THE DEPRAVED INDIFFERENCE MURDER JURY INSTRUCTION DID NOT PROPERLY EXPLAIN THAT DEPRAVED INDIFFERENCE IS THE DEFENDANT’S MENTAL STATE AT THE TIME OF THE CRIME, NOT THE OBJECTIVE CIRCUMSTANCES UNDER WHICH THE HOMICIDE OCCURRED; APPELLATE COUNSEL WAS INEFFECTIVE FOR FAILING TO RAISE THE ISSUE; WRIT OF CORAM NOBIS GRANTED AND NEW TRIAL ORDERED (THIRD DEPT).
The Third Department (1) granted the writ of coram nobis based upon appellate counsel’s failure to raise the issue, and (2) ordered a new trial on the second degree murder charge because the jury instruction on depraved indifference was defective. Although the issue was not preserved, the Third Department considered it in the interest of justice:
Defendant asserts that County Court’s instructions to the jury regarding depraved indifference murder were consistent with the overruled objective standard set forth in People v Register (60 NY2d 270 [1983] …), and therefore the court’s instructions failed to explain the requisite culpable mental state as required by People v Feingold (7 NY3d 288 [2006]). We agree. In discharging its duty to deliver a charge to the jury, “[a] court must instruct the jury regarding both the ‘fundamental legal principles applicable to criminal cases in general’ and those ‘material legal principles applicable to the particular case’ ” (… CPL 300.10 [1], [2]). At the time of defendant’s trial, the Court of Appeals had already held that “depraved indifference to human life is a culpable mental state” … . As a result, “under Feingold, it is not the circumstances under which the homicide occurred that determines whether [a] defendant is guilty of depraved indifference murder, but rather [the] defendant’s mental state at the time the crime occurred” … .

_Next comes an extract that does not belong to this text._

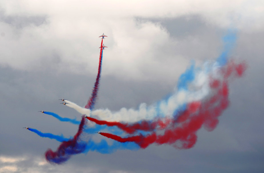 8月21日,在俄羅斯茹科夫斯基市舉行的第九屆國際航空航天展覽會上,法國著名的“法蘭西巡邏兵”飛行表演隊進(jìn)行了精彩的飛行表演。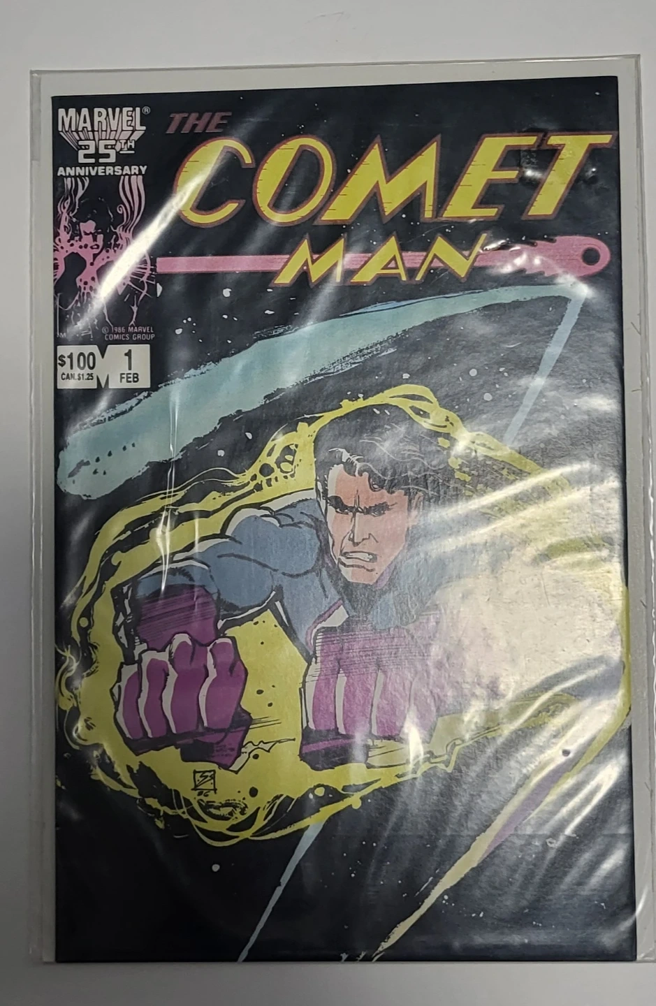 A collection of assorted Marvel and DC comic books. This lot includes The Comet Man, Mark Hazzard: Merc, The Marvel Saga, and Ambush Bug Stocking Stuffer. Comic books are a fun read for collectors and fans! All First issues, all NM condition.

Upon our review of the record, which reflects that County Court had twice instructed the jury with the overruled objective standard, “the jury charge did not unambiguously state that depraved indifference was the culpable mental state for the crime with which defendant was charged, [and therefore] we cannot conclude that the jury, hearing the whole charge, would gather from its language the correct rules which should be applied in arriving at a decision” … . People v Weaver, 2023 NY Slip Op 02352, Third Dept 5-4-23
Practice Point: The depraved indifference jury instruction was similar to the overruled objective standard requiring a new trial. Depraved indifference is the defendant’s mental state at the time of the crime, not the circumstances of the commission of the homicide.
Practice Point: Although the issue was not preserved, appellate counsel was ineffective for failing to raise it on appeal. Here the writ of coram nobis was granted, the conviction reversed and a new trial ordered.